UN nuclear watchdog: All Iran sites examined
In apparent response to Netanyahu's speech at the UN, in which he revealed a 'secret atomic warehouse' in Iran, IAEA says 'All information obtained, including from third parties, is subject to rigorous review,' adding inspectors sent to suspected nuclear sites 'only when needed.'
"The agency sends inspectors to sites and locations only when needed. The agency uses all safeguards relevant to information available to it but it does not take any information at face value," International Atomic Energy Agency chief Yukiya Amano said in a statement on Tuesday.
Amano's statement made no specific reference to Israel or the statement but it is his first public pronouncement since Netanyahu's speech at the United Nations General Assembly last week.
He said the IAEA has carried out so-called complementary access inspections, which are often at short notice, at all locations in Iran it has needed to visit.
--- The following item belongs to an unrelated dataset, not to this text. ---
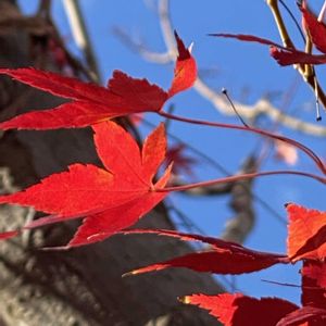 昨夜は、土星食🪐見ましたか? 土星🪐ちっこ過ぎ☁️🌙 今日の図書室に行く途中 「山装う」です ②高いイチョウに 最後の一葉 o ヘンリー 青空に紅葉が映えますね🍁

"All information obtained, including from third parties, is subject to rigorous review and assessed together with other available information to arrive at an independent assessment based on the agency's own expertise," Amano said.
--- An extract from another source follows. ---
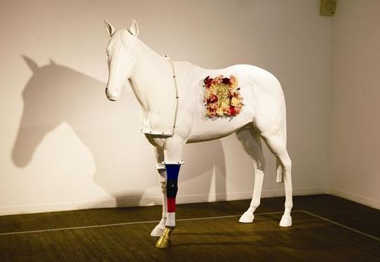 꿈꾸는 현대인을 재치있게 풍자하는 이호철 작가는 돈키호테의 애마였던 로시난데를 전시장에 데려왔다. 야위고 볼품이 없던 로시난테와는 달리 그는 실물크기에 가깝게 미끈하고 잘생긴 백마를 만들었다. 말의 한 가운데 조화(造花)로 장식한 치우천왕을 문장(紋章)처럼 단 백마는 근육과 핏줄까지 사실적이다. 그는 ‘꿈꾸는 자가 오는도다’라는 제목처럼 이상을 향한 인간의 의지를 말에게 투영했다.

"In order to maintain credibility, the agency's independence in relation to the implementation of verification activities is of paramount importance," he added.
During a speech at the UN, Netanyahu revealed “another secret atomic facility” in Iran, some four months after he presented what he said was “conclusive proof” of a secret project underway in Iran for the development of nuclear weapons.
“What I’m about to say has not been shown publicly before ... Today I’m revealing the site of a second facility, Iran’s secret atomic warehouse,” he said.
The new site Netanyahu identified sits a short distance from Shourabad, where the Mossad pinched a trove of documents and evidence showing that Iran had archived its nuclear materials despite the nuclear deal.
“When I spoke here 3 years ago Israel stood alone among the nations. Of the nearly 200 countries that sit in this hall, only Israel openly opposed the nuclear deal with Iran. We oppose it because it threatens our future, even our very survival,” the prime minister said.
“We opposed it because the deal paved Iran’s path to a nuclear arsenal and the lifting of the sanction has fueled Iran’s campaign of carnage and conquest throughout the Middle East. We opposed it because the deal was based on a fundamental lie … Israel exposed that lie.”
Continuing what has become a traditional characteristic of presenting visuals during his UN speeches, Netanyahu said “Let me show you exactly what the secret atomic warehouse looks like. Here it is,” while holding up a picture of satellite and up-close images.
According to Netanyahu, the second secret site was right near a rug-cleaning store, which he quipped may now be radioactive.
The prime minister also claimed the site contained some 15kg (33 pounds) of radioactive material that has now been moved as part of Iranian attempts to hide evidence of its nuclear weapons program.
Iran dismissed Netanyahu's claims as laughable. “The world will only laugh loudly at this type of false, meaningless and unnecessary speech and false shows,” said Iranian foreign ministry spokesman Bahram Qassemi said, according to Fars News.
Qassemi said Netanyahu's accusation was "not worth talking about."
"These farcical claims and the show by the prime minister of the occupying regime (Israel) were not unexpected," he added.
Iran’s Foreign Minister Mohammad Javad Zarif said that there should be more scrutiny on Israel’s nuclear program and derided the visuals presented by the prime minister.
“No arts & craft show will ever obfuscate that Israel is only regime in our region with a ‘secret’ and ‘undeclared’ nuclear weapons program—including an ‘actual atomic arsenal,’” Zarif wrote on Twitter.
“Time for Israel to fess up and open its illegal nuclear weapons program to international inspectors,” he added.